Econ 382 Econometrics
Teacher: Ma
Fall 2020
Data Project
Due 11:59pm Sunday December 20
Submit your undertaking in a Phrase doc in Blackboard. For those who use Pages with a Mac, please export your pages doc right into a PDF. Solely Phrase or PDF shall be accepted.
This undertaking MUST be executed individually and independently. An identical or considerably comparable work will lead to an F for all authors concerned.
This undertaking is designed to offer you a taste of how quantitative analysis is performed in the true world, and the way among the econometric strategies we mentioned at school are utilized. There are a number of statistical packages on the market, and you might be required to conduct this undertaking utilizing R/RStudio.
This undertaking will contain the next duties:
1. Discover information on the CDC web site, discover out what variables can be found, and the way the variables are outlined.
2. Formulate an empirical mannequin with six or extra variables. What you wish to examine with the mannequin should make sense.
three. Obtain not less than two datasets in SAS transport (XPT) recordsdata (the variables you select should come from two or extra datasets).
four. Load the SAS transport information recordsdata into RStudio.
5. Merge the datasets into one.
6. Summarize descriptive statistics of the variables of curiosity.
7. Run a regression or regressions to estimate the coefficients.
eight. Estimate the coefficients, and conduct speculation checks.
9. Focus on the findings of the outcomes and any issues with the mannequin or the outcomes. For instance, are you lacking any key variables? Is that this prone to result in omitted variable bias?
10. Write a 5-to-6-page report or memorandum in 12pt Instances New Roman double-spaced with an appendix that features all of the instructions and outputs from RStudio (this web page rely doesn’t embrace the appendix). The report ought to describe intimately what and the way you’ve executed for each merchandise listed above. You’re anticipated to have the ability to use the info to again up your arguments, and inform an entire story.
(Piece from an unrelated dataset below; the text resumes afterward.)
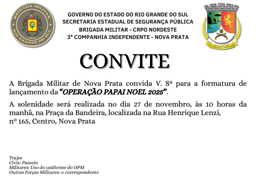 05/12 - Solenidade de Lançamento da Operação Papai Noel 2025 - Brigada Militar de Nova Prata (27/11/2025).

The place to Get R and RStudio?
Obtain R at http://www.r-project.org/, and set up R in your pc. After putting in R, obtain RStudio at http://www.rstudio.com/, and set up RStudio in your pc.
The place to Get Data?
Go to the CDC (Facilities for Illness Management and Prevention) homepage at https://www.cdc.gov/. Scroll down, and click on on “CDC Group”. On the CDC group web page, click on on “Nationwide Middle for Well being Statistics” (NCHS). Subsequent, below “Inhabitants Surveys”, click on on “Nationwide Well being and Diet Examination Survey” (NHANES). On the NHANES web page, click on on “Questionnaires, Datasets, and Associated Documentation”, then choose the “HNANES 2017-2018” information. There, you will notice 5 classes of knowledge that you’ve got entry to: Demographics Date, Dietary Data, Examination Date, Laboratory Data, and Questionnaire Data. Every class has a number of datasets (apart from Demographics Data). You’re required to make use of not less than TWO datasets. I do counsel that you simply embrace Demographics Data the place yow will discover many of the widespread demographics variables resembling age, training, revenue, and so forth.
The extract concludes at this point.